One thing I like about the holidays is the chance to finish off hobby projects. Earlier this month, I released the first beta of the xum1541, which is a C64 USB floppy adapter. The first release supported basic functions to read and write disks via the OpenCBM utilities.
Today, I finished testing for parallel nibbler support. The code is available in the OpenCBM cvs repository, and directions are on my xum1541 page. When used with nibtools, it can now copy protected disks and transfer data much faster than before. I’ve successfully tested both read and write support on Windows and Mac OS X. This is quite a milestone as it is the first USB interface to support the parallel nibbler protocol.

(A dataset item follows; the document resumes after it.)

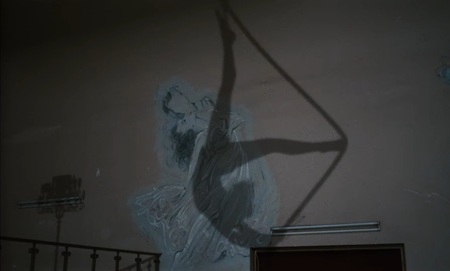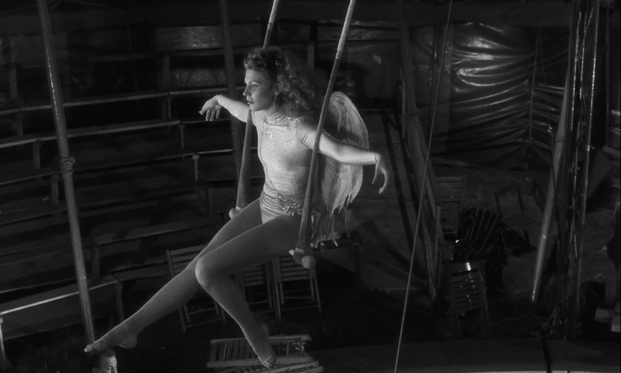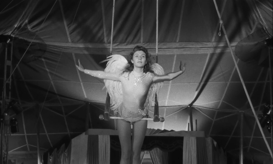 Ахроматизм прерывается впервые при «знакомстве» Дамиэля с акробаткой Марион. И если предполагать, что цвета ассоциируются с человеческими чувствами, то в этой сцене ангел влюбляется в циркачку. Ее чистые белые крылья и костюм создают ей поистине божественный и невинный образ. А на фоне голубого купола цирка, напоминающего небо, Марион превращается в мечту, за которой потом и последует Дамиэль.

A bit of explanation is in order. The built-in interface for a 1541 floppy drive is serial and has CLK, DATA, and ATN signals. It is a serial version of the parallel IEEE-488 bus with conditions such as EOI signalled in-band instead of requiring separate wires. Commodore originally used IEEE-488 on the PET, but moved to the IEC serial protocol to cost-reduce the cables and avoid shortages in Belkin’s supply. The serial protocol is slower than parallel, but the legendary slowness of Commodore drives had more to do with attempting to maintain backwards compatibility with older drives, not the serial protocol itself. Third-party speeder cartridges fixed this in software by repurposing the serial signals for higher-speed signalling.
To get the full bitrate the drive mechanism is capable of though, hardware modifications were required. Copiers such as Burst Nibbler added an 8-bit parallel cable in addition to the serial lines. This was relatively easy since there are two 6522 IO chips in the 1541 drive. Each has two 8-bit IO ports, and one of them is not normally used. So the parallel cable can be connected to the unused lines. Since the drive ROM does not use these lines, the copier has to load a custom routine into the drive’s RAM while initializing. It is then activated to manage the data transfer.

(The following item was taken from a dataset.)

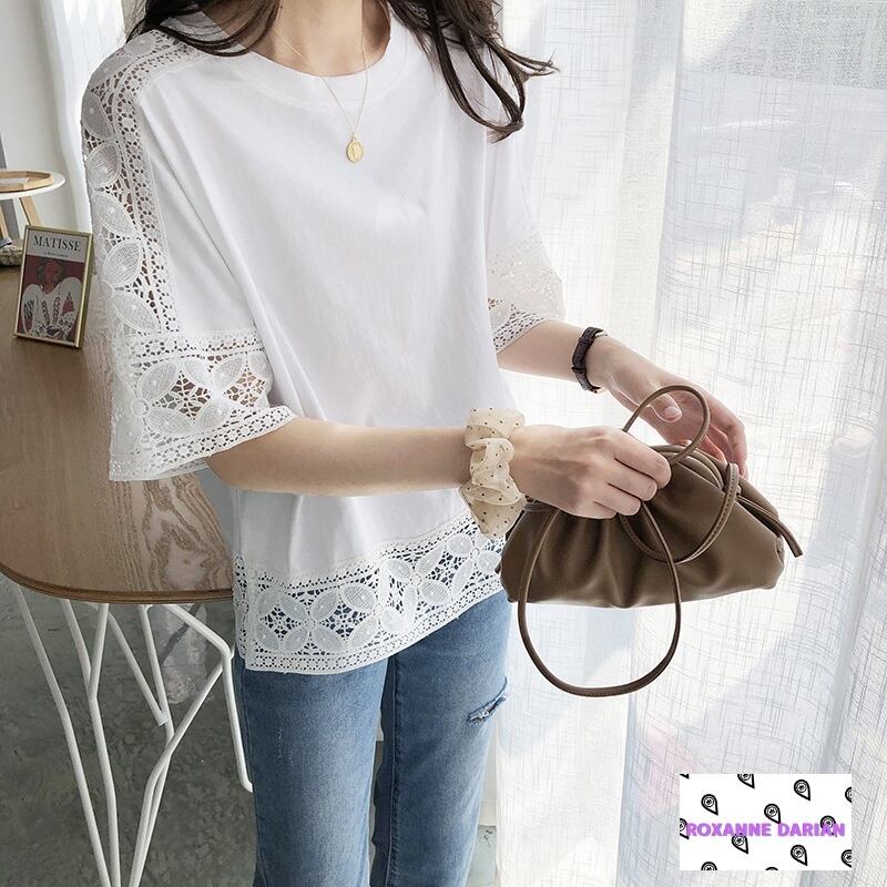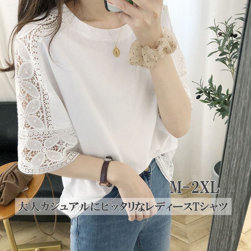 Tシャツ レディース服 トップス 夏 Tシャツ カットソー レディース tシャツ ゆったり トップス 夏 柔らかい 無地 シンプル 五分袖 ラウンドネック レース

When Commodore hardware died out, users still needed to transfer data to and from floppies. The X-series of cables was invented, using the PC printer port for interfacing. That worked for a while until Windows NT and above made it harder to get accurate inb/outb timing, and then the DB25 printer port disappeared completely. USB established itself as the next great thing.

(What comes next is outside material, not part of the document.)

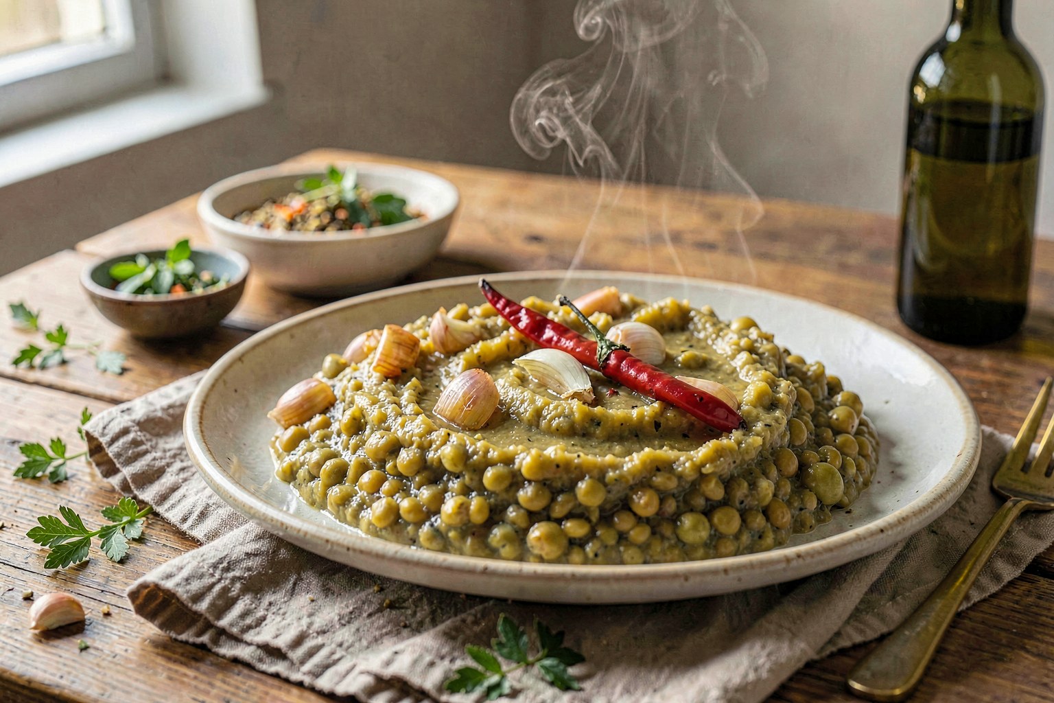A classic Aegean meze transformed into a hearty dinner, this dish features yellow split peas slow-cooked until they dissolve into a luxurious, velvety purée. The earthy, nutty flavor is elevated by a generous pool of fruity extra virgin olive oil, sharp red onion, and a hint of heat from dried chili flakes.

USB is high bandwidth but also high latency. The bit-banging approach to interfacing via the printer port would no longer work. It takes around 1 ms to get data to a USB device, no matter how small. Since the 1541 drive mechanism transfers data at 40 KB/sec, that is about 25 microseconds per byte, much less than the latency. The xum1541 does all the handshaking with the drive in an AT90USB microcontroller running at 8 MHz, giving great accuracy. The data transfers to the host are done via a double-buffered hardware USB engine. It has a state machine that handles the actual USB signalling, so we can flip buffers while it is clocking data out to the host. This gives us the cycles we need for the drive.
The protocol is actually pretty simple. The setup routines, such as which track to select, signal a byte is ready for the drive by toggling ATN, while the drive toggles DATA to acknowledge it has seen it. The custom drive code reads these bytes and then jumps to the appropriate handler. When it is done, it sends back a status byte via the same protocol.
For the high-speed transfer, something even lighter weight is needed. The drive CPU is a 6502 running at 1 Mhz, which gives about 12 instructions per byte. The transfer protocol is started with a handshaked read or write as above. Then the drive begins to transfer data one byte at a time, toggling the DATA line each time a byte is ready. The microcontroller stays in sync by waiting for each transition and then reading a byte from the parallel cable. Thus, the path from the initial handshake to the data transfer loop must be very quick and then continue without interruption.
The parallel transfer gets you something else besides high speed. Many protection schemes were built on the fact that the 1541 only has 2 KB of RAM, not enough to store a full track, which is up to 8 KB. If a mastering machine wrote a track pattern that had many similarities, ordinary copying software that read the track in pieces could not be sure it lined up properly when reassembling the pattern on the backup copy. The protection scheme, which could read and analyze the entire track in one pass, would detect this difference and refuse to run the game. To duplicate this kind of disk, users either added 8 KB of RAM to the drive or added a parallel cable. Both allow an entire track to be read in a single pass.
It was fun implementing this protocol because microcontrollers are a dedicated platform. You can count clock cycles for your instructions and be guaranteed latency. Compared to desktop PCs, where you’re running concurrently with questionable software written by people who definitely don’t count cycles, this is a dream. If you make a mistake, it is your fault. There is nothing like an SMI handler that could lock the CPU for seconds while it handles a volume button press.
Happy Holidays from all of us at Root Labs!